For instance, their take on education:
"JADEN: Here’s the deal: School is not authentic because it ends. It’s not true, it’s not real. Our learning will never end. The school that we go to every single morning, we will continue to go to.
WILLOW: Forever, ‘til the day that we’re in our bed"
Obviously the idea of learning, which is often synonymous with education, is imperative to bettering our world, but they have a significant point about traditional education failing. School is currently used as a stop shop to groom people for fitting into societal boxes. Education typically teaches students what to think and not how to think, and common student identities become consumed with achieving letters, beating soul crushing competition, and regurgitating the information selected as most important by the school you happen to be enrolled in. This leaves very little time for self reflection and critical thinking, two things necessary for leading fulfilled and productive lives. The less money you have, the more your education resembles this conveyor belt of memorization and empty promises. W&J have the privilege to fill their minds and experiment with whatever they wish, and they chose to fill it with the starting buds of philosophy, purpose, and creativity. That's powerful and mind bending.
For the working poor, learning for learnings sake is seen as a privilege, but this class of folks need the deeper, self directed education W&J touch on the most. Although I can't emphasize the privilege W&J have enough, there are small things even us less privileged can do to invest in our own sense of identity and learning. Whether that's new hobbies, reading eye opening books on subjects we do not know, watching interesting documentaries that expand our minds - all those things teach us something valuable about the world and ourselves.

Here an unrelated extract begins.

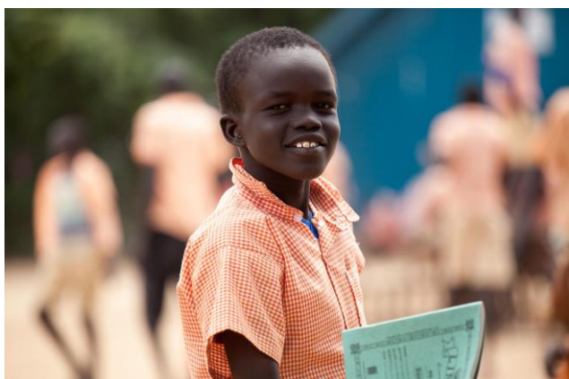
South Sudanese boy smiles as he walks to his new class. All 24 Primary schools in Kakuma and Kalobeyei have resumed learning after the long December holidays.

The above figures show the overall refugee population registered in the UNHCR database as at 21 January 2018. The figure is inclusive of the refugee population hosted at Kalobeyei Integrated Settlement.

When you remove the typical motivation for a majority of people (myself included) for getting an education "i.e. getting a good job," what is education for in and of itself? To become a better person? To understand our past and unfurl our future? To talk about prana energy and babies having soft spots (Jaden, you're so interesting for that one)? When we untie the idea that education = job only, we begin to see the possibilities that Jaden and Willow see. Learning never stops, and should never stop if we want to indulge the present and celebrate the future.
They are young, they have many things to still experience outside of their bubble, but they're also onto something that I love. A freedom and solid sense of self that will propel them forward to create and leave a positive mark in the world. If only a fraction of us could learn something from that, we're all going to lead creatively dope lives.